Working around the clock in rented apartments, Hugh Hefner and his team get the first issue of Playboy to the printers in time for its December 1953 premiere. With its sophisticated-yet-playful sexuality and its nods to highbrow culture, there’s nothing else like Playboy on the newsstands. The undated first issue sells an unprecedented 54,000 copies. Featuring the legendary Marilyn Monroe both on the cover and in a full-color spread within, the attention sets Monroe’s career on fire.

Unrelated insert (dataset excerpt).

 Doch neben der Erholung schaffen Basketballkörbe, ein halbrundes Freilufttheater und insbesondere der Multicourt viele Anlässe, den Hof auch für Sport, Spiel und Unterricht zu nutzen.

Playboy has become one of the best-selling men’s magazines on the market and Hugh Hefner pushes into licensing. In the same year, having had his magazine deemed obscene and therefore denied the mailing permit used by periodicals, Hefner successfully takes the U.S. Postal Service to court, winning the mailing privileges his magazine deserves. Playboy, and the now iconic rabbit head logo, become symbols of Hefner’s trailblazing lifestyle.
Hugh Hefner introduces the centerfold, simultaneously adding to a growing list of brand-specific catchphrases and creating a new cultural milestone. It becomes an emblem of influence in and of itself, further emphasizing Hefner’s unique grasp on the American man who longs to live like he does.

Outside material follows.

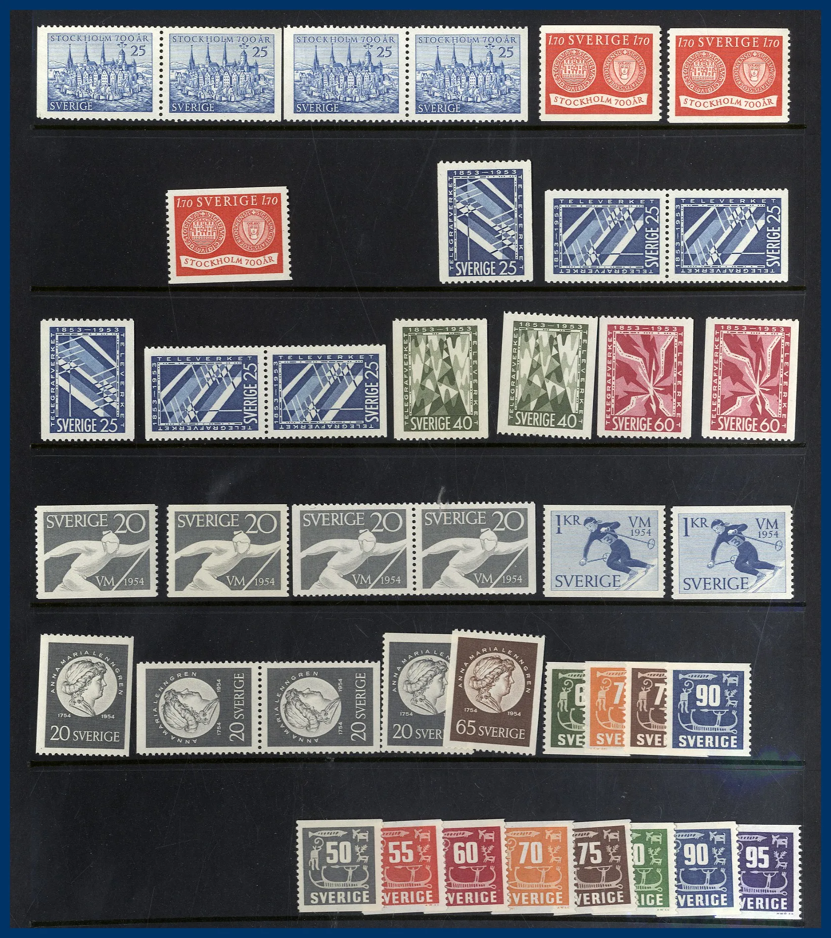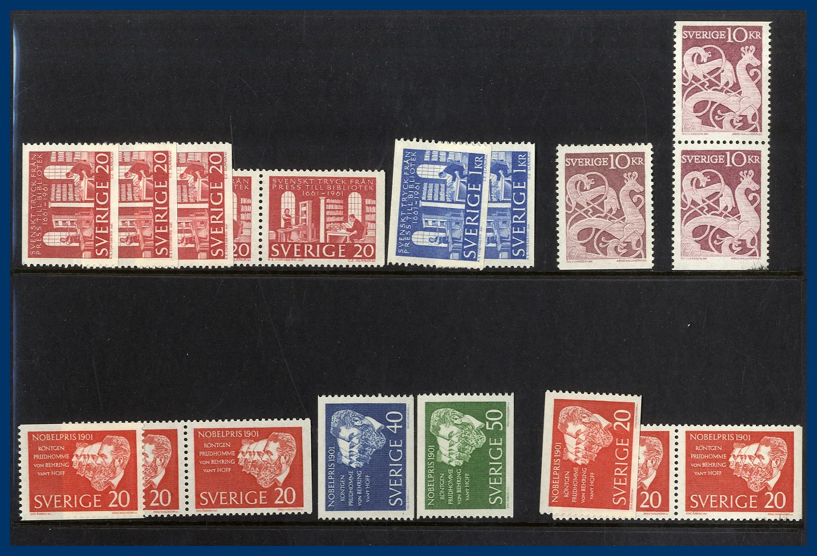 2 album FDC samt en bunt ** årssatser 1970-talet samt 1989 med nominal av drygt 800 kr. Även två äldre album med Hela världen O/* bla intressant Tyskland samt märken Hela världen löst i ask etc.
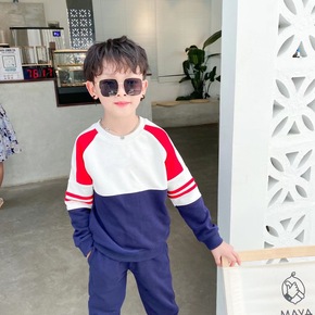 儿童撞色圆领套装 春新款童休闲卫衣卫裤两件套 批发...

Hugh Hefner extends his reach into homes across America with his late night talk show, Playboy’s Penthouse. Though the show is relatively short-lived, it spawns a film production company and a follow-up show, Playboy After Dark, a decade later. Also in 1959, Hef organizes the first Playboy Jazz Festival (now an annual event), featuring such legends as Louis Armstrong and Ella Fitzgerald. With the purchase of his first infamous Playboy Mansion in Chicago, Hefner rides his burgeoning empire into the ’60s.
The first Playboy Club opens in Chicago. Featuring world-class and local entertainers alike, the club proves so popular that dozens more crop up across America, inviting the average American man into the Playboy lifestyle. But the glamour isn’t exclusive to the guests; the staff’s distinctive attire and allure gives way to another world-famous cultural icon: the Playboy Bunny.

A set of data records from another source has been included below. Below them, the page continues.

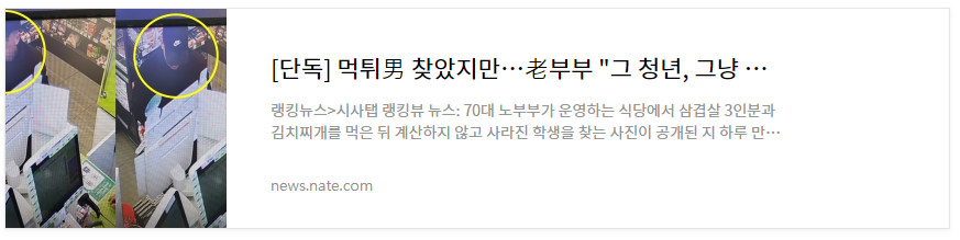 밥을 먹고 그냥 나가는 행동이 잘 못된 것이라 보통의 사람이라면 분명 갈등도 하고, 정말 돈이 없어 그랬다면 자연스러운 행동은 나오지 않을 것인데 제가 봐도 그런 모습이 나옵니다.
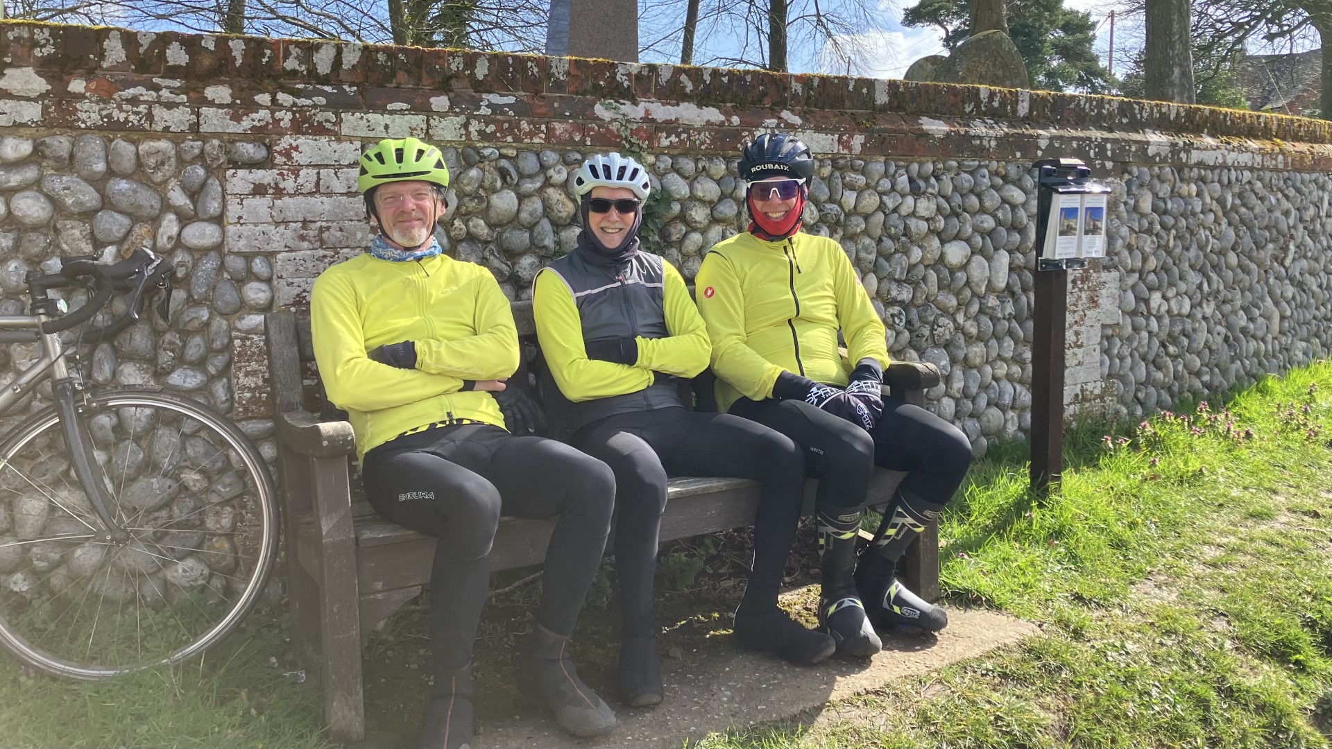Ian, Doug and Neil were sat on the bench waiting at Gresham church. There was a certain air of Last of the Summer Wine about the seated trio, but there was no tin bathtub nearby that could be pressed into service as an impromptu toboggan down any nearby hills. On balance, bicycles are probably safer.
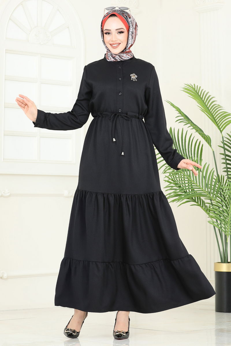 Yarım Düğmeli Elbise 3049KTR750-MS Siyah

Christening the long-form Playboy Interview with jazz legend Miles Davis, Hugh Hefner’s creative direction creates another institution that will go on to feature some of the world’s sharpest minds and brightest stars, from Jimmy Carter to Muhammad Ali. Hef writes 25 installments of The Playboy Philosophy, establishing himself and Playboy as activist arbiters of the sexual revolution to come.
With all eyes on Swinging London’s innovative “Cool Britannia” take on fashion, art and music, Playboy officially goes international. Rocking it up a notch and making the summer of love last all year, Hefner opens the London Playboy Club. Capitalizing on the U.K.’s new gambling laws, the club runs an extremely successful casino, rumored at the time to be the most profitable in the world.
Playboy takes to the skies and defines the jet set lifestyle with the Big Bunny, aka Hare Force One, one of the most opulent aircrafts to ever fly. Featuring a disco, a lounge, a sunken Roman bath and 12 onboard beds, the Big Bunny is about the journey, not the destination.
Hugh Hefner’s Playboy Enterprises, Inc. goes public, legitimizing the company as a name to invest in and maximizing profits. Hefner purchases the Playboy Mansion West in L.A. “The Mansion” quickly grabs the public’s attention as an epicenter for raucous celebrity- and Playmate-laden parties.
The magazine hits an all-time high, with the November 1972 issue selling over 7.16 million copies and the introduction of the first international edition: Playboy Germany. Hefner’s brainchild eventually spawns 29 foreign editions sold in more than 50 countries. Licensing deals place the rabbit head logo on everything from cigarette lighters to pinball machines.
Reaching an all-time high of 230,000 key holders, the Playboy Clubs are central loci of the decade’s nightlife zeitgeist. The clubs are an international sensation, and ’76 sees new locations popping up as far off as Asia and the Caribbean. Stateside, the clubs continue to grow with openings in cities all around the nation.
A Solid Future
In 1979 Hugh Hefner celebrates another milestone as Playboy reaches its 25th anniversary. Hefner is regarded as something of a savant entrepreneur, the captain of his own ship. By this time, Playboy Clubs have opened around the world and continue to do so; clubs in London and Cologne remain active to this day. As another anniversary nears—Playboy’s 60th—Hefner celebrates achievements that amount to an indelible bunny-shaped impression on the global pop culture landscape. The empire boasts the publication of some of the most significant authors of the times (Ray Bradbury, Margaret Atwood, Hunter S. Thompson) and production credits alongside filmmakers as diverse as the Monty Python crew and Roman Polanski. All of this built from a periodical that hit newsstands without a date because, at the time, the prospect of a second issue was unimaginable. As Playboy Magazine readies its 702nd issue, it’s unimaginable that a project that has grown and changed so fluidly with the times—and effected some of that change itself—might not have taken shape the way it did. Or with anyone else at the helm.